## Goal of the exercise
Only one span is wanted from the lines below: from the one with "見た目がそこそこきれいでも、 ●前回塗装から年数が経っている ●コーキングが切れている" up to and including the one with "This tote features". Copy it exactly, without images.

## Excerpted data
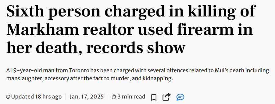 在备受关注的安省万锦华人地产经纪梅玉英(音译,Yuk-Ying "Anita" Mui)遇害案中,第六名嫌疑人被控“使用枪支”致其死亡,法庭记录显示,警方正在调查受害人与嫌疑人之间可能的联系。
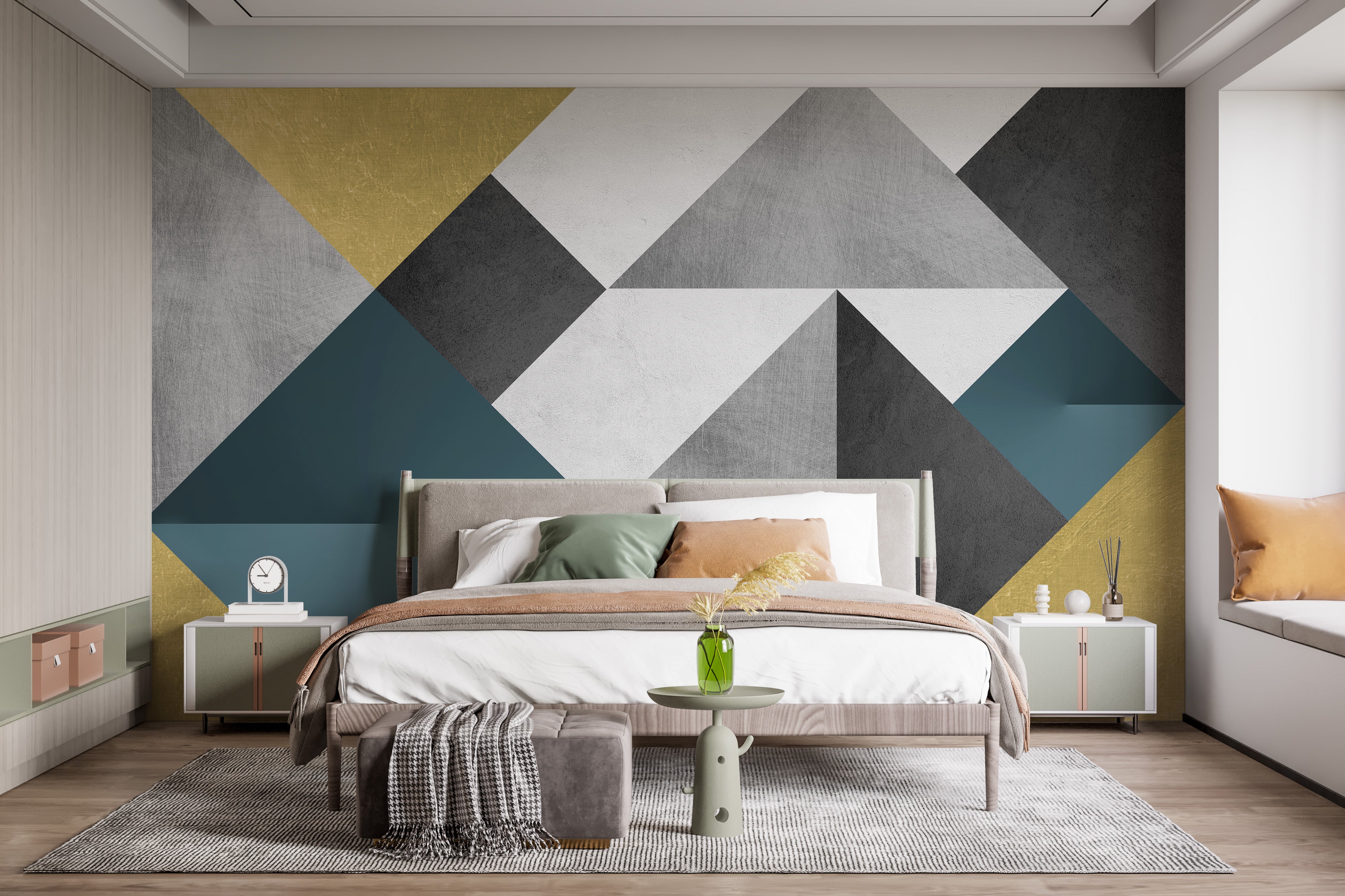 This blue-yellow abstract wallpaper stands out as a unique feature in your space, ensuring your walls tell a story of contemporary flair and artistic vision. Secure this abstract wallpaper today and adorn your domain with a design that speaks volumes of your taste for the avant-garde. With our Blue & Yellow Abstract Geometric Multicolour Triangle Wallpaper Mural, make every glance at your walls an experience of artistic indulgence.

==

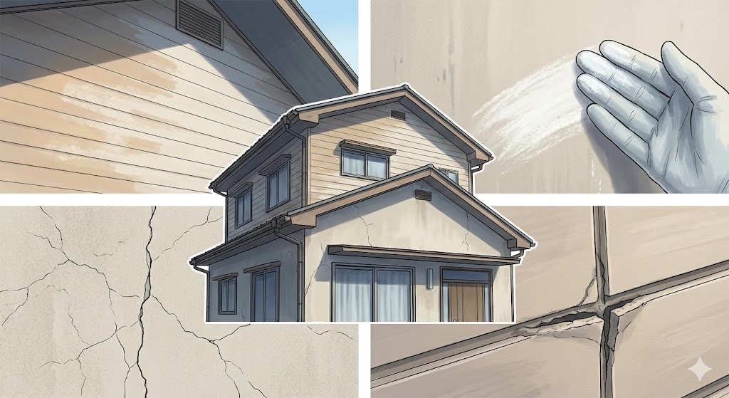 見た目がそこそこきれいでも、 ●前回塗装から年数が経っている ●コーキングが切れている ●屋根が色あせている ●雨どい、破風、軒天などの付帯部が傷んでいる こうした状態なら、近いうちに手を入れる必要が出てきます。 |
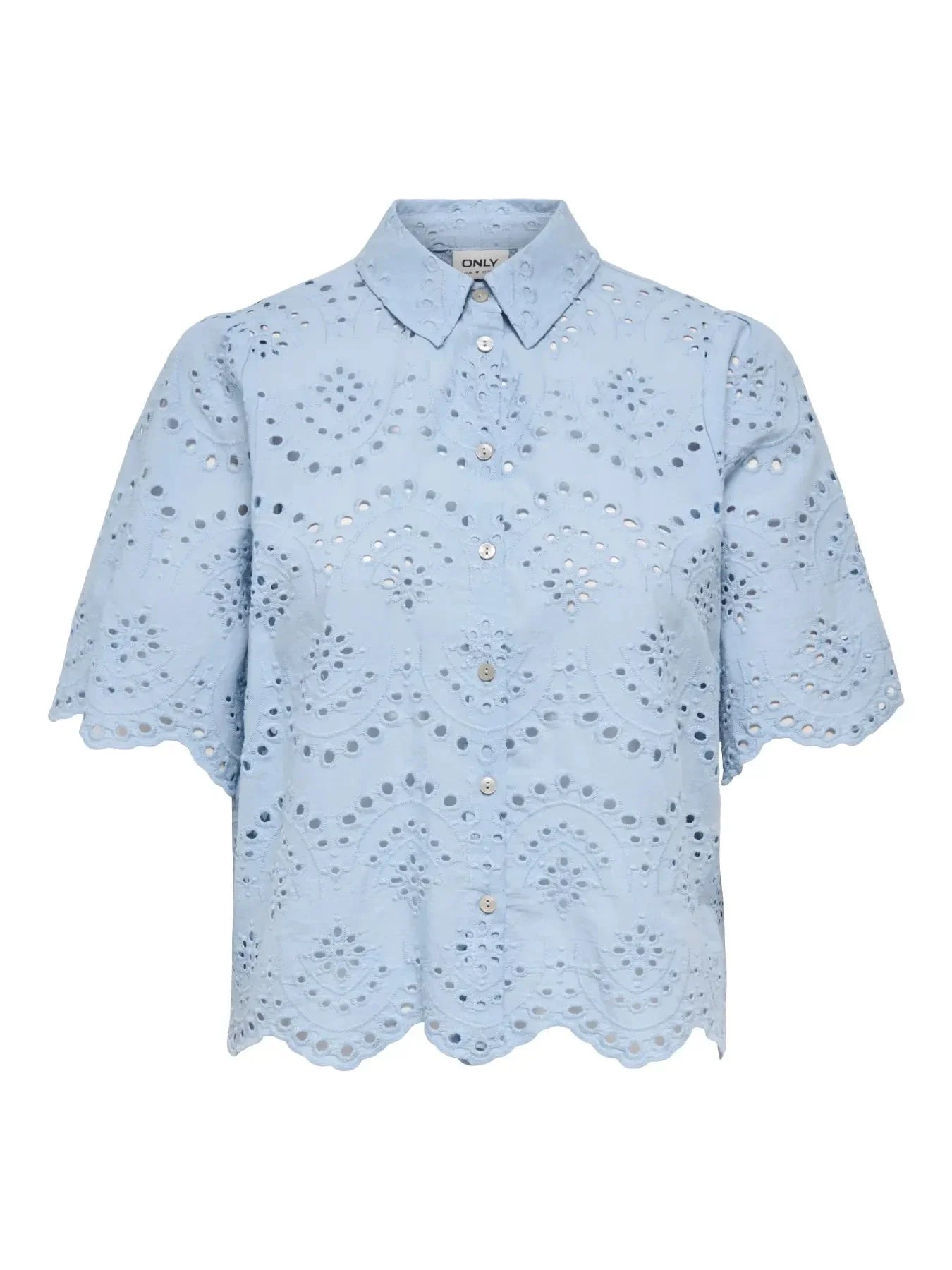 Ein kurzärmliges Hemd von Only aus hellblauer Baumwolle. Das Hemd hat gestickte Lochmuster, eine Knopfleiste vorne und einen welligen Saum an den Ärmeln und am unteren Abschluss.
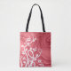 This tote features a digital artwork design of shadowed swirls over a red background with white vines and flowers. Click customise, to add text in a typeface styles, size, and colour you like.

## Exercise result
 見た目がそこそこきれいでも、 ●前回塗装から年数が経っている ●コーキングが切れている ●屋根が色あせている ●雨どい、破風、軒天などの付帯部が傷んでいる こうした状態なら、近いうちに手を入れる必要が出てきます。 |
 Ein kurzärmliges Hemd von Only aus hellblauer Baumwolle. Das Hemd hat gestickte Lochmuster, eine Knopfleiste vorne und einen welligen Saum an den Ärmeln und am unteren Abschluss.
 This tote features a digital artwork design of shadowed swirls over a red background with white vines and flowers. Click customise, to add text in a typeface styles, size, and colour you like.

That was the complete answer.